Her face falls. “No. Larry. Now that he's filed the paperwork to run for office, we have the news on twenty-four/seven.” She bites her lower lip. “Was it awful?”

A laugh bubbles up in my throat. “What part of it?”

“Well, all of it. Getting fired. Being arrested.” Her eyes grow wide. “Did you have to go to jail? Was it like
Orange Is the New Black
?”

“Yeah, without the sex.” I look at her. “It wasn't my fault, Christina. You have to believe me.”

She reaches across the table and grabs my hand. “I do. I do, Ruth. I hope you know that. I wanted to help you, you know. I told Larry to hire someone from his old firm to represent you.”

I freeze. I try to see this as a gesture of friendship, but it feels like I'm a problem to solve. “I…I couldn't accept that…”

“Well, before you go thinking I'm your fairy godmother, Larry shot me down. He feels as badly as I do, honestly, but with his candidacy, it's just not a good time to be connected to something scandalous.”

Scandalous
. I taste the word, bite into it like a berry, feel it burst.

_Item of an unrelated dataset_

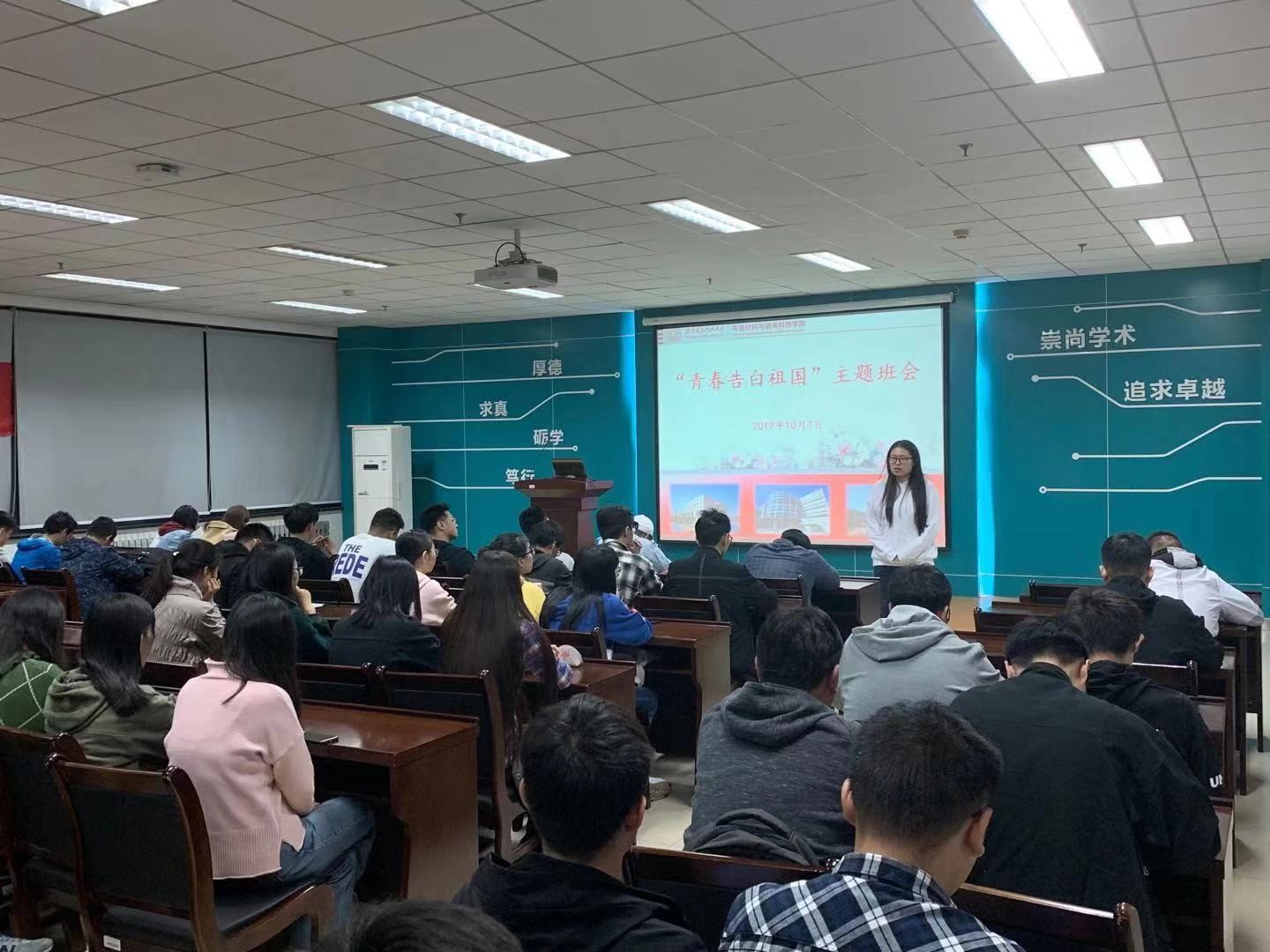 10月7日晚上,2017级本科生“青春表白祖国”主题班会在G楼118召开。班会上,辅导员李逸君结合自己所学专业为大家对比了新中国建国之初和当今“富强、民主、文明、和谐”强国的变化,让同学们由衷的为新中国70年来所发生的伟大变化而感到骄傲和自豪。接着,同学们纷纷主动结合国庆节期间自身所见所闻发表了自己的感想。学生预备党员、应用化学专业班长陈宇洋谈到,“70周年的阅兵仪式,既让我们国人感到骄傲,又向世界展示了一个比以往任何时候都更加强大的中国。当今的中国能够在维护世界和平上做出更大的贡献,也进一步提高了我们中国的国际地位”。维吾尔族学生于米提江说:“以前,我们需要不断地追赶别人,但如今,我们成了其他国家追赶的目标,当今的中国已经赢得了世界的尊重。”

“We had a huge fight about it. I mean, like, I made him move into the second bedroom and everything. It's not like he's going for the neo-Nazi vote. But it's not that simple, I guess. Race relations are a mess right now, with the police commissioner under fire and everything, and Larry needs to stay as far away from that as possible or it could cost him the election.” She shakes her head. “I am so sorry, Ruth.”

My jaw feels too tight. “Is this why you had me over here?” I ask. “To tell me you can't be associated with me anymore?”

What had I been stupid enough to think? That this was a social visit? That for the first time in a decade Christina had suddenly decided she wanted me to drop in for lunch? Or had I known all along that if I came here, it was because I was hoping for a miracle in the form of the Hallowells—even if I was too proud to admit it?

For a long moment, we just stare at each other. “No,” Christina says. “I needed to see you with my own eyes. I wanted to make sure you were…you know…all right.”

Pride is an evil dragon; it sleeps underneath your heart and then roars when you need silence.

“Well, you can check this off your good deed list,” I say bitterly. “I'm doing
just
fine.”

“Ruth—”

I hold up my hand. “Don't, Christina, okay? Just…don't.”

I try to feel through the chain of our history for the snag, the mend in the links, where we went from being two girls who knew everything about each other—favorite ice cream flavor, favorite New Kids on the Block member, celebrity crush—to two women who knew nothing about how the other lived. Had we drifted apart, or had our closeness been the ruse? Was our familiarity due to friendship, or geography?